Understanding human motion is crucial for accurate pedestrian trajectory prediction. Conventional methods typically rely on supervised learning, where ground-truth labels are directly optimized against predicted trajectories. This amplifies the limitations caused by long-tailed data distributions, making it difficult for the model to capture abnormal behaviors. In this work, we propose a self-supervised pedestrian trajectory prediction framework that explicitly models position, velocity, and acceleration. We leverage velocity and acceleration information to enhance position prediction through feature injection and a self-supervised motion consistency mechanism. Our model hierarchically injects velocity features into the position stream. Acceleration features are injected into the velocity stream. This enables the model to predict position, velocity, and acceleration jointly. From the predicted position, we compute corresponding pseudo velocity and acceleration, allowing the model to learn from data-generated pseudo labels and thus achieve self-supervised learning. We further design a motion consistency evaluation strategy grounded in physical principles; it selects the most reasonable predicted motion trend by comparing it with historical dynamics and uses this trend to guide and constrain trajectory generation. We conduct experiments on the ETH-UCY and Stanford Drone datasets, demonstrating that our method achieves state-of-the-art performance on both datasets.

Paper Structure

This paper contains 18 sections, 8 equations, 4 figures, 6 tables.

Figures (4)

  • Figure 1: Our method takes historical pedestrian trajectories as inputs. From the historical trajectory, we extract position, velocity, and acceleration (accel.) information, which are then fed into a three-stream network. In the figure, the letter $d$ represents the amount of change. The network hierarchically fuses features across the three streams and enforces motion consistency among position, velocity, and accel predictions during training. The output consists of multiple possible future position trajectories.

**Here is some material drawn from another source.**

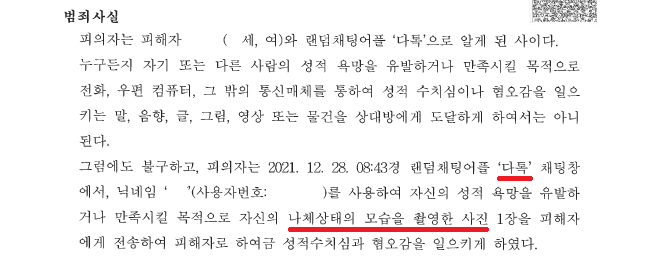 A씨는 2021. 12. 28.경 여느 때와 마찬가지로 '다톡'을 하던 중, 여성 B씨에게 다짜고짜 나체 사진을 전송하였습니다.

  • Figure 2: Our method takes position, velocity, and acceleration as inputs to a three-stream network. This network utilizes a transformer encoder to capture temporal information and outputs the features of position, velocity, and acceleration for each pedestrian. Velocity features are hierarchically injected to aid position prediction, while acceleration features are incorporated to support velocity prediction. A social decoder is then employed to predict $K$ potential trajectories based on these features. The decoder applies an attention mechanism to neighboring features, capturing interactions between pedestrians. Finally, we propose a self-supervised strategy to ensure motion consistency among position, velocity, and acceleration predictions. We group the velocity and acceleration predictions and apply $\mathcal{L}_{\text{cons1}}$ to ensure consistency within each group. Two heuristic strategies are defined to evaluate the velocity and acceleration predictions, with learnable weights assigned to these evaluations. Based on these evaluations, the network selects a velocity-acceleration group and applies $\mathcal{L}_{\text{cons2}}$ to enforce motion consistency between the position and the selected group.

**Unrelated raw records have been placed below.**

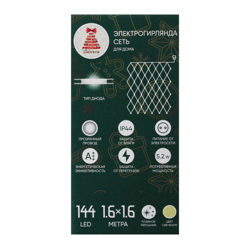 VETTA СНОУ БУМ Гирлянда эл. сеть 144LED, 1,6x1,6м, шампань, плавное мерцание, ПВХ прозр., 220В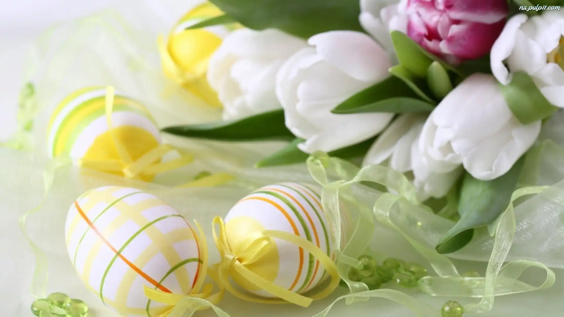 Tulipany, Jajka, Wstążki, Pisanki Na Pulpit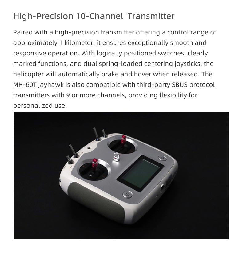 .True-to-Life UH-60 Black Hawk Military Design: Modeled after the iconic UH-60 helicopter, this 470-class scale RC model features a fully detailed fuselage, quick-release rotor blades, and a 6-channel setup that captures the authentic look and flight characteristics of the real aircraft.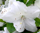 | Azalea "Delaware Valley White" Large (2") single to semi-double white flowers bloom in late May. This strong, spreading grower has large medium green leaves and will grow to 4' in 10 years. Great all time classic Azalea! |

  • Figure 3: Visualizations of position and velocity trajectories reveal that the predicted trajectory distribution struggles to accurately account for sudden changes in a pedestrian's direction when motion consistency is not applied (w/o motion consistency). In contrast, our method considers the pedestrian's acceleration and deceleration patterns, enabling more precise trajectory predictions aligned with the direction of the historical trajectory.

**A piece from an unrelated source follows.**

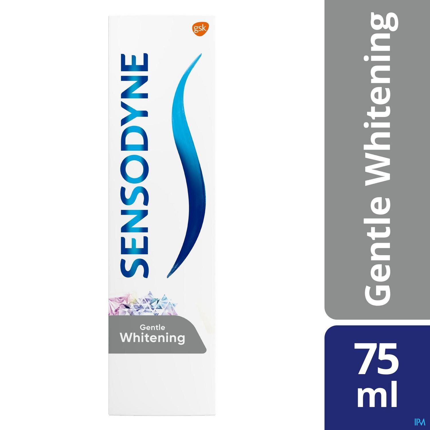 Sensodyne Gentle Whitening is een dagelijkse fluoridetandpasta, speciaal ontwikkeld om gevoelige tanden witter te maken en langdurig gevoelige tanden te beschermen. Het helpt uw tanden witter te maken door vlekken weg te poetsen, waardoor u de natuurlijke witheid van uw tanden kunt herstellen. Bij tweemaal daags poetsen werkt Sensodyne Gentle Whitening 24/7 om te beschermen tegen gevoeligheid. Het bevat fluoride om de tanden te versterken en te beschermen tegen tandbederf. Je kunt het dagelijks gebruiken en biedt alle voordelen van een dagelijkste tandpasta. Als je last hebt van gevoelige tanden, heb je waarschijnlijk blootliggend tandbeen. Bij blootliggend tandbeen kan koud of warm eten en drinken de zenuw prikkelen en dat kan gevoelig zijn. Tandbeen dat beschermd wordt door tandglazuur of tandvlees, kan bloot komen te liggen door te hard poetsen, tandenknarsen en/of tanderosie. Gebruik Sensodyne Gentle Whitening als dagelijkse tandpasta: (1)De formule biedt bescherming bij gevoelige tanden, 24 uur per dag, 7 dagen per week, (2) Helpt tanden hun natuurlijke witte kleur terug te krijgen door vlekken op een zachte manier te verwijderen, (3) Verwijdert tandplak bij 2 x daags poetsen en bevat fluoride dat helpt beschermen tegen cariës, (4) Door de muntsmaak voelt je mond schoon en fris.

  • Figure 4: The left figure shows predictions based solely on position information while the person changes movement direction. The ground truth is highlighted in green. The middle figure shows the predictions of our method, where speed changes are visualized as fast and slow. In this case, the person adjusts their movement direction with a slow-down signal. The right figure illustrates a scenario where the person aims to maintain their movement direction, ensuring that the speed does not decrease. This figure shows the advantage of using position, velocity and acceleration information.